In Dagestan, the interpretation is that misfortune has befallen the two native sons, Magomedov and Kerimov, because they have been on the wrong side of the conflict between the Kremlin and Magomedsalam Magomedov, the Dagestan President, until he was replaced in January by Ramazan Abdulatipov. “Dagestan was fed, but not taken care of,” Abdulatipov told Putin at a Kremlin interview in August, “and therefore a lot of bad cells have multiplied.” “The cases of Kerimov and [Ziyavudin] Magomedov are connected with the replacement of the Dagestan elite,” according to a source who believes both of them are among the “bad cells” Abdulatipov is now eliminating.

A source close to Sechin believes the stakes are more national than local. He is predicting that other oligarch-sized figures with businesses dependent on Medvedev and Dvorkovich must choose to withdraw and realign themselves, or else suffer the same fate. The fertilizer and coal businesses of Andrei Melnichenko – Eurochem and SUEK – are vulnerable, according to this calculation.

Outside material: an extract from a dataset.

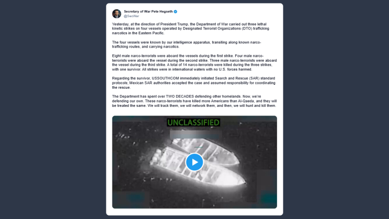 Il ministro della Guerra statunitense, Pete Hegseth, ha scritto su X: «ieri, su direttiva del presidente Trump, il ministero della Guerra ha condotto tre attacchi letali contro quattro imbarcazioni gestite da organizzazioni terroristiche che trafficano stupefacenti nell’Oceano Pacifico orientale. Le quattro imbarcazioni erano note ai nostri servizi di intelligence, navigavano lungo rotte consolidate del narcotraffico e trasportavano droga. Nel primo attacco a bordo c’erano otto uomini narcoterroristi, nel secondo quattro, nel terzo tre. In totale i tre raid hanno eliminato 14 narcoterroristi, con un solo superstite. Tutti gli attacchi sono avvenuti in acque internazionali, senza perdite tra le forze Usa. Quanto al superstite, il comando sud ha immediatamente attivato i protocolli standard di ricerca e soccorso; le autorità messicane hanno preso in carico il caso e coordinano le operazioni. Il ministero difende da oltre vent’anni le patrie altrui. Ora difende la propria. Questi narcoterroristi hanno ucciso più americani di Al-Qaeda e saranno trattati allo stesso modo. Li individueremo e li elimineremo».
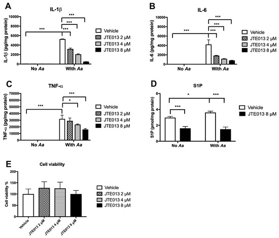 Inhibition of S1PR2 by its specific antagonist (JTE013) significantly decreased IL-1β, IL-6, TNF-a, and S1P levels induced by Aa in BMMs. Murine BMMs were treated either with vehicle or JTE013 for 30 min. Then cells were either uninfected or infected with Aa for 6 h. (A) IL-1β, (B) IL-6, and (C) TNF-α levels were quantified by ELISA. (D) S1P levels in cell protein lysates were quantified by mass spectrometry. Cytokine and S1P levels were normalized by protein levels in cell lysates. (E) Cell viability in BMMs treated with vehicle or JTE013 for 24 h. (* p < 0.05 *** p < 0.001).

So too are Yandex, the search engine and internet portal, and Ilim Pulp. Since he became prime minister, Medvedev has allowed himself to meet one on one and in public with no major Russian business figures. The two exceptions are Andrei Volozh, the control shareholder of Yandex (below left); and Zakhar Smushkin, the control shareholder (with Boris and Mikhail Zingarevich) of Ilim Pulp (right). For the political risks facing Yandex, read this.

September 23, 2012 June 19, 2013

A source familiar with Ilim’s business comments: “I don’t think they’re big enough to be of interest.”

NOTE: Ziyavudin Magomedov turns out to be the only member of the Valdai Club’s board of trustees who wishes to publicize the appointment. When Sergei Karaganov, the Club’s chairman, was asked to identify the other trustees, he refused, claiming the list is on the Valdai Club website. When informed the list cannot be found there, he hung up his telephone.